Faculty of Engineering, University of Bristol, Bristol, United Kingdom.
School of Computing, Engineering & Intelligent Systems, Ulster University, Derry/Londonderry, United Kingdom.
Elife. 2023 Sep 12;12:e84602. doi: 10.7554/eLife.84602.
Electroencephalography and magnetoencephalography recordings are non-invasive and temporally precise, making them invaluable tools in the investigation of neural responses in humans. However, these recordings are noisy, both because the neuronal electrodynamics involved produces a muffled signal and because the neuronal processes of interest compete with numerous other processes, from blinking to day-dreaming. One fruitful response to this noisiness has been to use stimuli with a specific frequency and to look for the signal of interest in the response at that frequency. Typically this signal involves measuring the coherence of response phase: here, a Bayesian approach to measuring phase coherence is described.
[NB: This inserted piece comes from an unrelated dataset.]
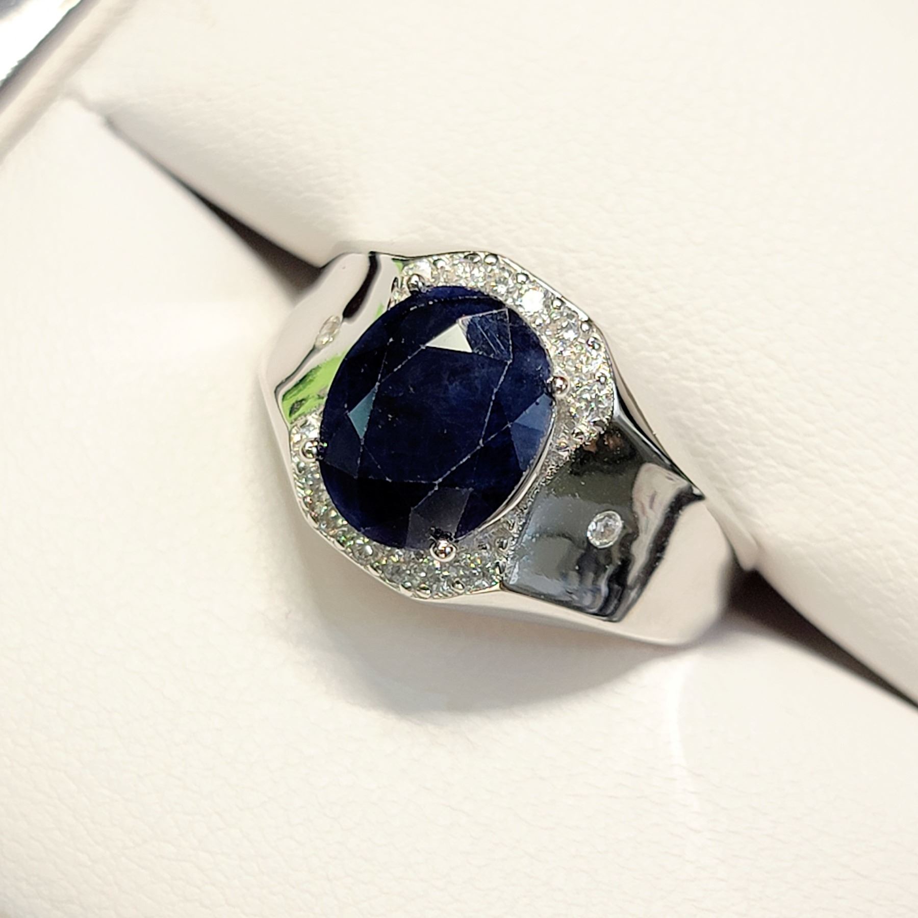 SILVER SAPPHIRE(4.15CT) RING (~SIZE 10) (~WEIGHT 6.8G)

This Bayesian approach is illustrated using two examples from neurolinguistics and its properties are explored using simulated data. We suggest that the Bayesian approach is more descriptive than traditional statistical approaches because it provides an explicit, interpretable generative model of how the data arises. It is also more data-efficient: it detects stimulus-related differences for smaller participant numbers than the standard approach.
脑电图和脑磁图记录是非侵入性的且具有时间精度,这使得它们成为研究人类神经反应的非常有价值的工具。然而,这些记录存在噪声,一方面是因为涉及的神经元电动力学产生了模糊的信号,另一方面是因为感兴趣的神经元过程与许多其他过程竞争,从眨眼到白日梦。应对这种噪声的一种有效方法是使用具有特定频率的刺激,并在该频率的响应中寻找感兴趣的信号。通常,这个信号涉及测量响应相位的相干性:这里描述了一种用于测量相位相干性的贝叶斯方法。使用神经语言学的两个示例来说明这种贝叶斯方法,并使用模拟数据探索其性质。我们认为,贝叶斯方法比传统的统计方法更具描述性,因为它提供了一个关于数据产生方式的明确、可解释的生成模型。它也更具数据效率:与标准方法相比,它可以检测到较小参与者数量的与刺激相关的差异。